Les toutes récentes statistiques officielles indiquent que l'Algérie possède des réserves de change équivalant à 114 milliards de dollars, et que le déficit de la balance commerciale pour l'année 2016 est estimé à 17 milliards de dollars.

Des projections pessimistes sur la situation financière extérieure de l'Algérie

Si on ajoute à ce dernier montant la somme de 15 milliards de dollars qui refléterait les payements effectués à des opérateurs étrangers pour les services de tous types exécutés sur le territoire national, ainsi que pour les transferts liés aux bénéfices et rapatriement de capitaux étrangers dans notre pays, la balance des payements pour 2016 aurait connu un déficit de 32 milliards de dollars, en augmentation de 2 milliards de dollars par rapport à l'année 2015.

Un déficit est par définition une différence négative entre les recettes et les dépenses, ou plus précisément, entre les sommes en devises reçues de l'étranger, d'un côté, et de l'autre, les payements effectués en devise au profit d'opérateurs étrangers. La réduction des réserves de changes indique que ce déficit de la balance des payements a été comblé par une ponction sur ces réserves.

Les projections de recettes d'exportation des hydrocarbures, qui, malgré les multiples promesses et déclarations volontaristes des plus hautes autorités politiques et financières du pays, continuent à représenter plus de 95 pour cent des rentrées de devises, pourraient, au cours des prochaines années, s'établir à un niveau en deçà des dépenses en devises nécessaires non seulement pour les besoins de consommation de la population, mais également pour les besoins en matières premières, produits semi-finis, et équipement de tous types pour les activités de production et d'investissement nationaux.

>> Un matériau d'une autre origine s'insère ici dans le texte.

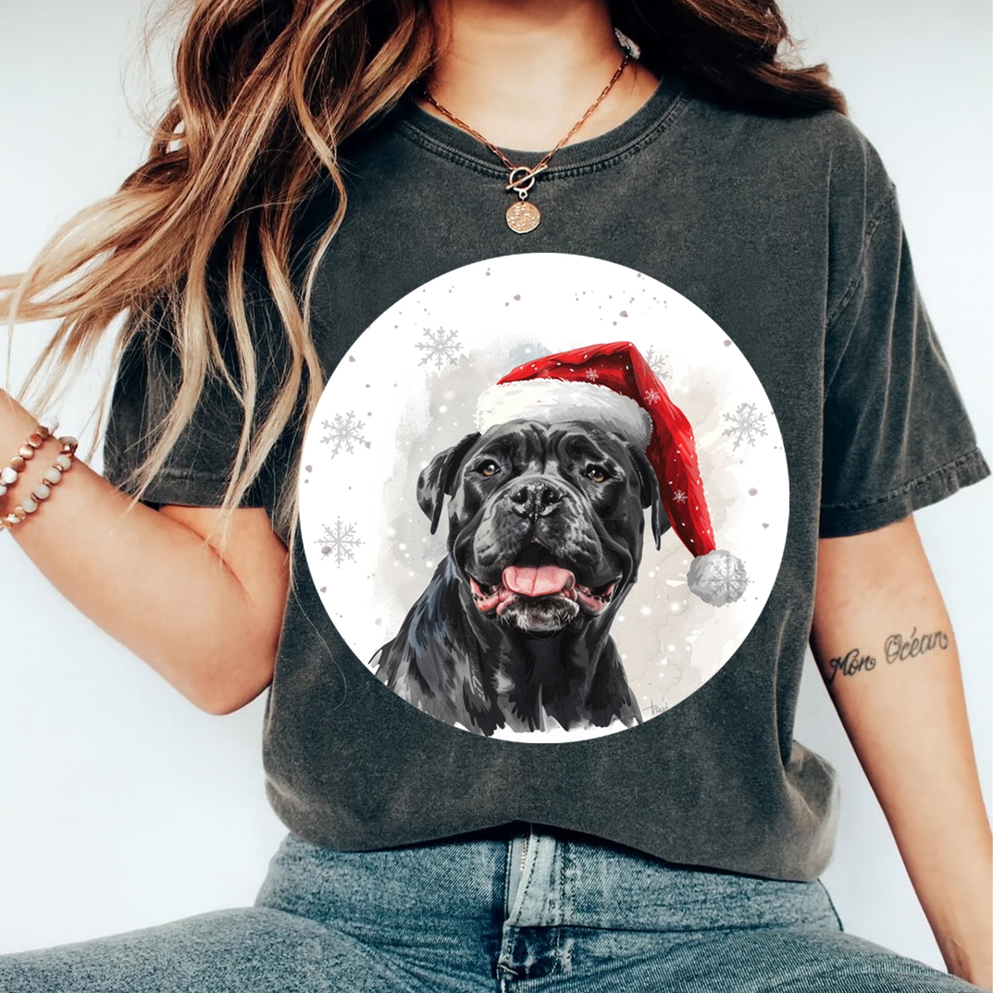 This ready to press Christmas DTF transfer features a Cane Corso wearing a Santa hat inside a round snowflake portrait, creating a bold and festive winter look. The strong expression and snowy background make it perfect for pet lovers, holiday markets, winter pop-ups, and seasonal DIY shirt collections for small businesses.

L'Année 2020, tournant funeste

La question qui se pose est la suivante : au rythme actuel d'évolution négative de la balance des payements, en combien d'années les réserves de change arriveront-elles à un niveau exigeant soit le recours aux emprunts extérieurs, qu'ils soient de type financier, ou directement liées à des activités commerciales, soit la réduction des dépenses en devises au niveau des recettes d'exportations, avec les conséquences périlleuses qu'une telle austérité causerait ?

Pour effectuer cette projection, on peut partir des hypothèses suivantes, qui apparaissent réalistes au vu de l'histoire récente de la balance des payements algérienne, et des prévisions d'évolution des prix du pétrole sur les marchés internationaux :

-On pourrait se baser sur un chiffre d'importation incompressible de 55 milliards de dollars sur les quatre années à venir, auquel on ajouterait les quelques 15 milliards de dollars de payements extérieurs pour les services facteurs et autres sorties de devises liées aux investissements étrangers en Algérie.

Donc, chaque année, la Banque centrale algérienne aurait une facture de 70 milliards de dollars à payer pour toutes les dépenses engagées sur des biens et services fournis par des opérateurs économiques étrangers.

On prendrait ainsi comme hypothèses supplémentaires :

-que les importations resteraient stables et qu'elles suffiraient à couvrir les besoins de consommations comme de production, sans excès de tension ou pénuries, et sans effets négatifs sur la croissance économique du pays,

-que le taux de change du dollar par rapport à la monnaie principale d'importation, qui est l'euro, resterait suffisamment stable pour ne pas aboutir à l'augmentation de la facture des payements extérieurs, et

-que les prix des biens et services achetés à l'étranger resteraient eux aussi relativement stables pendant la période de projection.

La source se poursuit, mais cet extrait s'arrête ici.